Task brief – In the records below, some lines hold the word "būsto". Copy each of those lines.

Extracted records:
-.-.-
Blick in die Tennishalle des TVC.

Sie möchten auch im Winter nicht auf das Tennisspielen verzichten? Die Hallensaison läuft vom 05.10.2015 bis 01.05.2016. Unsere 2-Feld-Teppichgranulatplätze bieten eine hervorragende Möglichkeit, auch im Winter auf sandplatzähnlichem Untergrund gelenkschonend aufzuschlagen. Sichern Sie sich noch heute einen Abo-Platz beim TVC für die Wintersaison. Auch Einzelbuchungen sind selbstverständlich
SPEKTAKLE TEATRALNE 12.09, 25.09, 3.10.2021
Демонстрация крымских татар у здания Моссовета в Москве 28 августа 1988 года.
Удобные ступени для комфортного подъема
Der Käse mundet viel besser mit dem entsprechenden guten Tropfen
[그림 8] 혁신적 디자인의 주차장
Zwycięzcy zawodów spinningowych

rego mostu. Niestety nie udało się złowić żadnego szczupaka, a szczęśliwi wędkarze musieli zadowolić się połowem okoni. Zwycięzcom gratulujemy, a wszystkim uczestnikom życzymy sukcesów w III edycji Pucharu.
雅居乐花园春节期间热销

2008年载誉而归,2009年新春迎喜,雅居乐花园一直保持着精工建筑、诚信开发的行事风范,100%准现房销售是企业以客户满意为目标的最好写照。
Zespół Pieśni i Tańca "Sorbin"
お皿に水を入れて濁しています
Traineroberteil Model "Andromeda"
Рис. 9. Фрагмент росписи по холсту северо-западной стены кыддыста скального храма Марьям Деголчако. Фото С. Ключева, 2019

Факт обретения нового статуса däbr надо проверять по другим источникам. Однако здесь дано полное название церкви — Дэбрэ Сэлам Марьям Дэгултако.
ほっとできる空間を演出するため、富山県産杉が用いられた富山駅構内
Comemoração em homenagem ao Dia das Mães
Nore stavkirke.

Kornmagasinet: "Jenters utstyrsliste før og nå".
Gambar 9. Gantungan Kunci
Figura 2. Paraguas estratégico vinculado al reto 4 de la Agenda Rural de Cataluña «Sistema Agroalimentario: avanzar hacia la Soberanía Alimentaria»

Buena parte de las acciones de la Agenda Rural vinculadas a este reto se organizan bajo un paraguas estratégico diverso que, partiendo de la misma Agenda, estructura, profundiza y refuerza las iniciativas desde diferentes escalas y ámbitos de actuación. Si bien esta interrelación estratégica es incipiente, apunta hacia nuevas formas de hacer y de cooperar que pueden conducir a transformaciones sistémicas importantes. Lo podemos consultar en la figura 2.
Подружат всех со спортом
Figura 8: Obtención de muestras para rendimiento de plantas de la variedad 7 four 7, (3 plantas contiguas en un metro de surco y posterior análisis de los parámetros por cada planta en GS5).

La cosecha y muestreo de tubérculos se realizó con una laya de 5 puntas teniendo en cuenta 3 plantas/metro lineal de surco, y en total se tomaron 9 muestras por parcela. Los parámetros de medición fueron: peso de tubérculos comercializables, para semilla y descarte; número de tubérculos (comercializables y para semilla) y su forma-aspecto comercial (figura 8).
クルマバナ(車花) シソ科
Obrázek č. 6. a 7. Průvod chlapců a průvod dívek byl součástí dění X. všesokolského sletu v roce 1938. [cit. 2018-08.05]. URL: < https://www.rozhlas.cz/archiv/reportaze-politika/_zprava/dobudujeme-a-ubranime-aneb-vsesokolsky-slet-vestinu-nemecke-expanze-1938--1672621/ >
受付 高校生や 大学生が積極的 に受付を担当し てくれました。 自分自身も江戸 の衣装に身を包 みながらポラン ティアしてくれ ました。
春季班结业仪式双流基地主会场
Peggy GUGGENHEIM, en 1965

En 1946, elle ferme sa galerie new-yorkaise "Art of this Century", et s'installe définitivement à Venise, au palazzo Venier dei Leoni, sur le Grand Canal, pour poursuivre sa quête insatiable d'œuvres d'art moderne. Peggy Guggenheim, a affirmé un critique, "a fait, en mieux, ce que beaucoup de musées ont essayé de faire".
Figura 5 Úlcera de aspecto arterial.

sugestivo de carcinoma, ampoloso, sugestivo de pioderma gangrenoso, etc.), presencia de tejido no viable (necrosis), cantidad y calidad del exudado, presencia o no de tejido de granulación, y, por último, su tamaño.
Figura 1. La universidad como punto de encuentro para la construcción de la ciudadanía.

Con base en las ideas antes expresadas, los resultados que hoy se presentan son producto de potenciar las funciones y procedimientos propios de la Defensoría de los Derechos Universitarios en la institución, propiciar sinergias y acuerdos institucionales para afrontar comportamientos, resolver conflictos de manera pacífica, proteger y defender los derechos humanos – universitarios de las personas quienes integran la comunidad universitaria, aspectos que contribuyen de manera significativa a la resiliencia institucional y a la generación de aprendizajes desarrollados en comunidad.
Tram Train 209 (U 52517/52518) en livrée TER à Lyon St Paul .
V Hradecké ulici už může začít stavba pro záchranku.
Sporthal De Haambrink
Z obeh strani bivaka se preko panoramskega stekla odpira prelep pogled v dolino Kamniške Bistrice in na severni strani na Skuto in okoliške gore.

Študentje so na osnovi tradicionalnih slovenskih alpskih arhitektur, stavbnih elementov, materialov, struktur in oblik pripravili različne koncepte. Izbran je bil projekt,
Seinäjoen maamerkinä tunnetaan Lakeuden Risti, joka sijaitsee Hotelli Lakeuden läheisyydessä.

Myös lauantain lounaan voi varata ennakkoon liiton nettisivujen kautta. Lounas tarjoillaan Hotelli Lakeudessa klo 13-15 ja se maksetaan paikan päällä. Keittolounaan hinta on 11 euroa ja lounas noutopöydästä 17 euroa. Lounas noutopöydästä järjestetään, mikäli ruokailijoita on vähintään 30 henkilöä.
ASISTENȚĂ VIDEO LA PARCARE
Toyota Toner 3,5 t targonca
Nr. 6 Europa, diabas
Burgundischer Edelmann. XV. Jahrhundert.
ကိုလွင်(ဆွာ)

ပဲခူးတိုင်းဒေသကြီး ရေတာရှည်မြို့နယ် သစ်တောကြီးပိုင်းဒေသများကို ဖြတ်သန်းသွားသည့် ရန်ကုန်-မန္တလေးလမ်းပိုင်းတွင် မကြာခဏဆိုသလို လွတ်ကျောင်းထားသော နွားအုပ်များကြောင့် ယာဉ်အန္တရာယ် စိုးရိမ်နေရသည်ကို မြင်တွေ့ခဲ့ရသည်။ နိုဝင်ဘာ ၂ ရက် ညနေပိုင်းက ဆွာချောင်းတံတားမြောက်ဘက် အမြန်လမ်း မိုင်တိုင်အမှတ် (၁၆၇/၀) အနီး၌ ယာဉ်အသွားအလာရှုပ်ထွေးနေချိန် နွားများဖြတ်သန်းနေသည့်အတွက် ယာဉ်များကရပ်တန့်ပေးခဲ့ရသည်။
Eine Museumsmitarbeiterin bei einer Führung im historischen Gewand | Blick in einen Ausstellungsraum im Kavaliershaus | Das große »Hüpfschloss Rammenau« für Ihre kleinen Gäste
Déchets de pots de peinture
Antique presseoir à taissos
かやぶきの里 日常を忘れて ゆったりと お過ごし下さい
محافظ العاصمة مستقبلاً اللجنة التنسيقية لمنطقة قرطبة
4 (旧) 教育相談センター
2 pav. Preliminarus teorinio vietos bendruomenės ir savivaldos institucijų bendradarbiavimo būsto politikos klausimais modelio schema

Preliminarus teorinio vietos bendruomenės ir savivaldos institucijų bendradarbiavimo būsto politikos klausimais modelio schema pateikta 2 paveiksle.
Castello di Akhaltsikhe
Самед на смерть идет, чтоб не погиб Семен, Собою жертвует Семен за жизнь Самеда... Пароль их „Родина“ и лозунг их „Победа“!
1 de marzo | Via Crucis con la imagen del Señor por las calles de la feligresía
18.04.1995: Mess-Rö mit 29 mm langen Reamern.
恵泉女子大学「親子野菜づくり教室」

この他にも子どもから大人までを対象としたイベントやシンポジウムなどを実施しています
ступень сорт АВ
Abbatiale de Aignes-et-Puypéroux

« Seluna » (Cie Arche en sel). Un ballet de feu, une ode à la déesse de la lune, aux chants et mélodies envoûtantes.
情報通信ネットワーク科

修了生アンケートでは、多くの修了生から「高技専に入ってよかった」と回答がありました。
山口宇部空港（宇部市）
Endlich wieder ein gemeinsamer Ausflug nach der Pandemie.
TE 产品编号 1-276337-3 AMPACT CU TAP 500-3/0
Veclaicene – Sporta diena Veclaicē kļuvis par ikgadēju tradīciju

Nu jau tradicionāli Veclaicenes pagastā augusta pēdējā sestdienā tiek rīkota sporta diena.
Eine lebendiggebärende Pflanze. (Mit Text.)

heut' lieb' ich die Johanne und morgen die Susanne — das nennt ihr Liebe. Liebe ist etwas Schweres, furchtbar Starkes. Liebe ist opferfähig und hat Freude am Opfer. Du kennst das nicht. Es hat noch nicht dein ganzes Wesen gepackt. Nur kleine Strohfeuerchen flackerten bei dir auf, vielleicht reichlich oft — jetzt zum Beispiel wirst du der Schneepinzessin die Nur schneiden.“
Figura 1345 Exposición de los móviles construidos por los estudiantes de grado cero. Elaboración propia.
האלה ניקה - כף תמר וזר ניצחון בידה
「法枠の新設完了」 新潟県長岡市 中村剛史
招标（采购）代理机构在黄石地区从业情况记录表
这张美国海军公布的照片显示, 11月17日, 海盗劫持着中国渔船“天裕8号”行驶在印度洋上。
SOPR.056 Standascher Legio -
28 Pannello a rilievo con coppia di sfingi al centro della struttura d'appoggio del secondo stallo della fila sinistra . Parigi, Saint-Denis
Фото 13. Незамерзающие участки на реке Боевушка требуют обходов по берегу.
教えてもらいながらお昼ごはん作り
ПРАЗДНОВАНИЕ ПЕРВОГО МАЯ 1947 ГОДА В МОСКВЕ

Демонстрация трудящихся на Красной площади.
-.-.-
Exercise answer –
2 pav. Preliminarus teorinio vietos bendruomenės ir savivaldos institucijų bendradarbiavimo būsto politikos klausimais modelio schema
Preliminarus teorinio vietos bendruomenės ir savivaldos institucijų bendradarbiavimo būsto politikos klausimais modelio schema pateikta 2 paveiksle.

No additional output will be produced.